What happened to the art of photography? People have become so hung up on specifications. I call this phenomenon the “Sonyfication” of the minds…
Nikon just announced their first full-frame mirrorless cameras, the Z6 and Z7, and it has not been long until the pundits of the web have thrown these 1st-gen cameras under the bus. The reason? Lengthy tables of spec sheets opposing the various camera manufacturers. Suddenly, the lack of a dual memory card slot is the biggest dealbreaker of all time, which is quite funny when some of these previews are shot on a camera that has only one slot (Canon 6D mk2)… Anyway, it is true that, for what we have seen so far from the previews that have surfaced on the web, the performances of the Nikon Z6 and Z7 in terms of EVF blackout and auto-focus remind more of the past generation of mirrorless cameras than the current state-of-the-art.
But everyone is missing out the most important. When you buy into a system, it is a long term decision. What matters, is that the camera you buy makes you want to go out and shoot, and even though the manufacturer might have a little bit of catch-up to do with the competition, you trust they will keep on improving their bodies after each iteration. When I bought the Fujifilm X-E1, it was one of the slowest AF camera available, and the video output was unusable. I reported all that and yet I got into the Fujifilm ecosystem, because I could see Fujifilm’s vision and I adhered to it. I bought a camera that renewed my joy to go out and shoot, not the most advanced camera on the market technically speaking.
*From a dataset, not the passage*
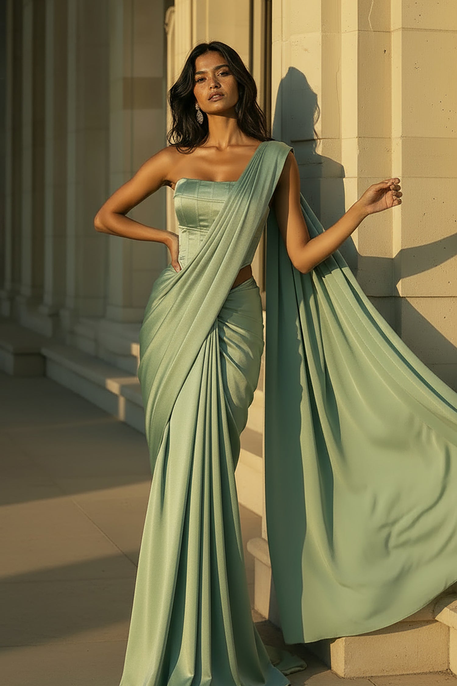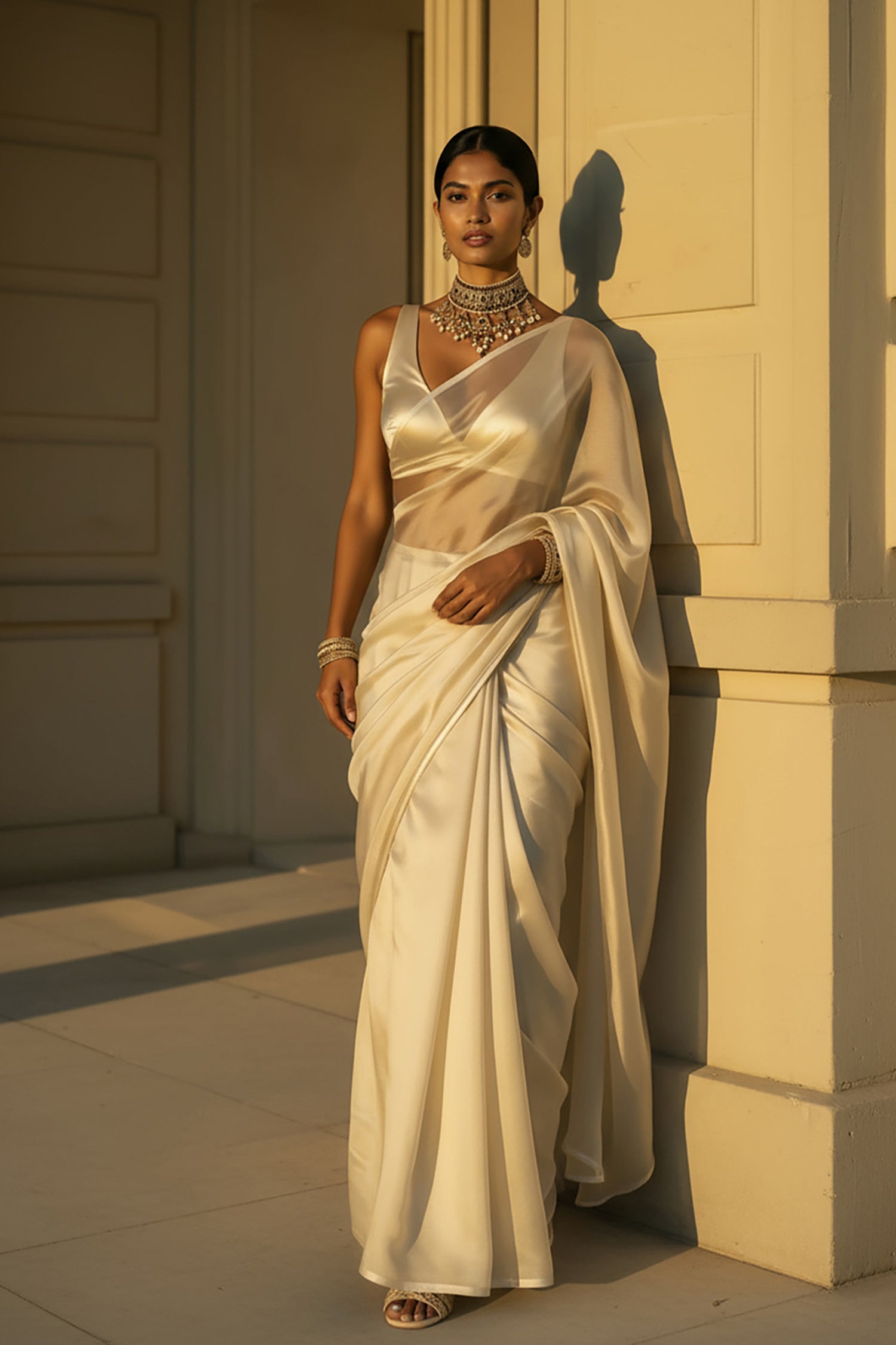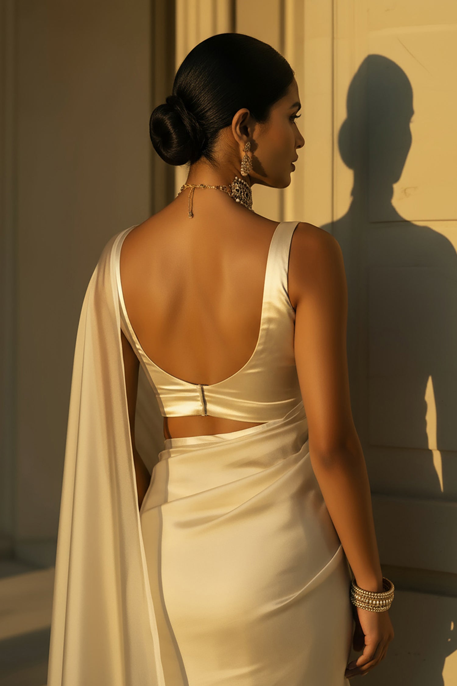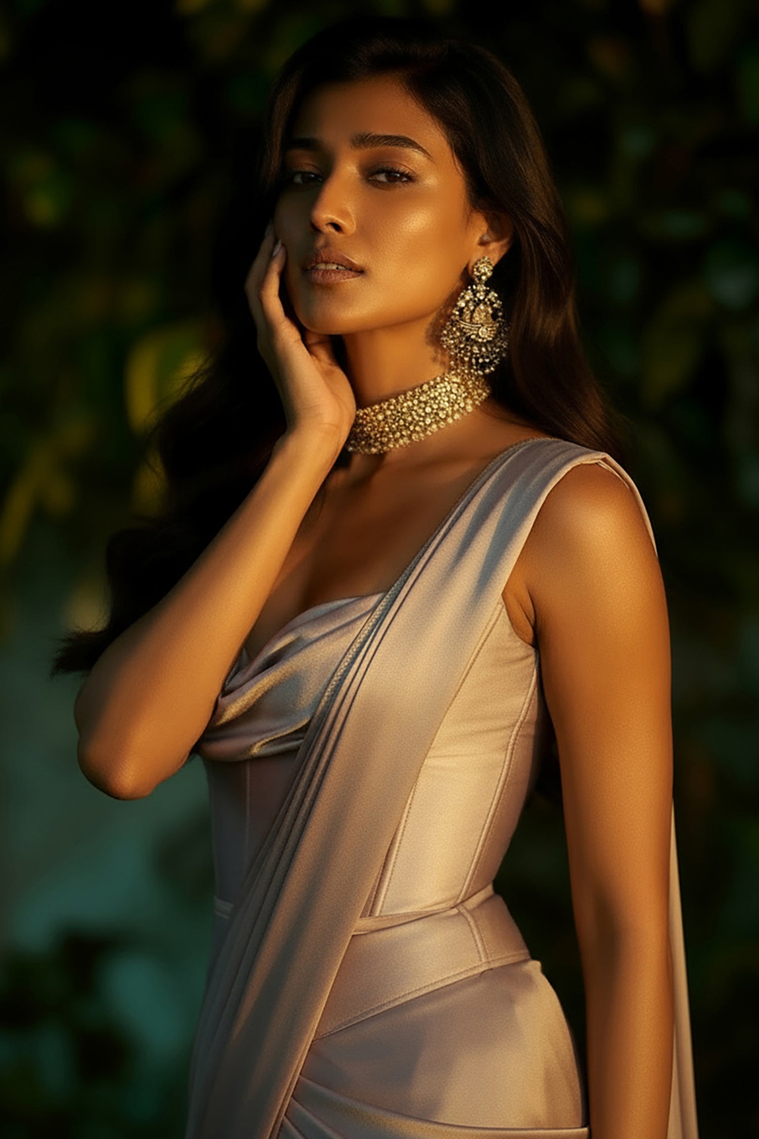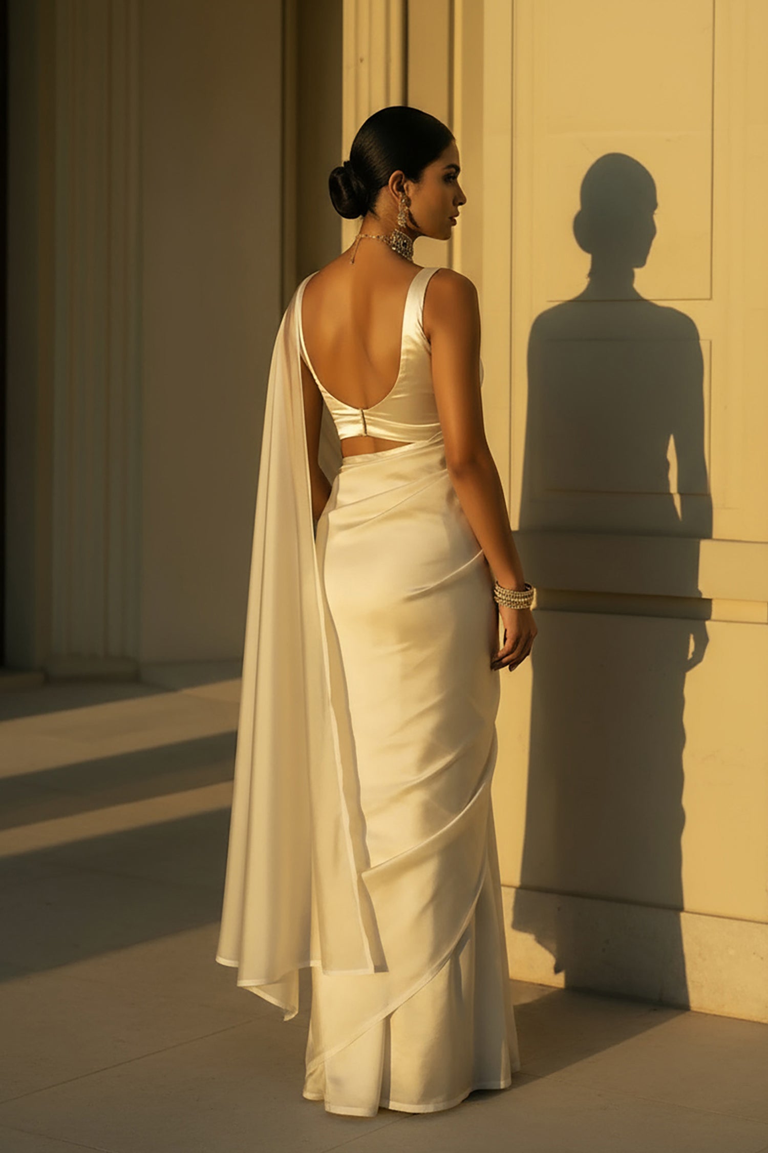 An Indo-Western saree is a fusion outfit that combines the traditional Indian saree with contemporary design elements such as pre-stitched pleats, corset blouses, or Western-style silhouettes, making it easier to wear and style.

Unfortunately, Nikon is also missing this bar. Clearly, the design of their bodies is more aimed at enthusiasts than hardcore pros or even the so-called prosumers. The top-left dial on the left was inspired by the one of the D750 with a PASM dial and an auto-mode, rather than the one of the D850. While it makes sense that the Z6’s ergonomics are close to the D750’s, it is more surprising that the Z7’s ergonomics are not closer to the D850’s. Nikon has preferred to save money on the production cost, by using the same body for the Z6 and Z7. However what does not make any sense at all is that they have left this top-left dial without a sub-dial, while both the D750 and the D850 have one. The D610 has one. You have to go down to lower-end models such as the D3400 not to find a sub-dial. This unfathomable decision is undoubtedly going to cripple the shooting experience. Some programmable buttons will have to be used for functions that wan usually be found in this sub-dial, while they could have been used for something else. This means that the Z-shooters will need to dig into their menus to change more settings than what should have been the case. And a camera that forces you to go into its menu system more often than not, is not a camera that makes you want to take it and go shoot with it… and that’s the biggest flaw of the Z6 and Z7. Hopefully is Nikon is planning higher-end models of their Z-series, not necessarily in terms of specs to shine in comparison tables, but in terms of ergonomics to shine in the hands of those who are actually using these cameras.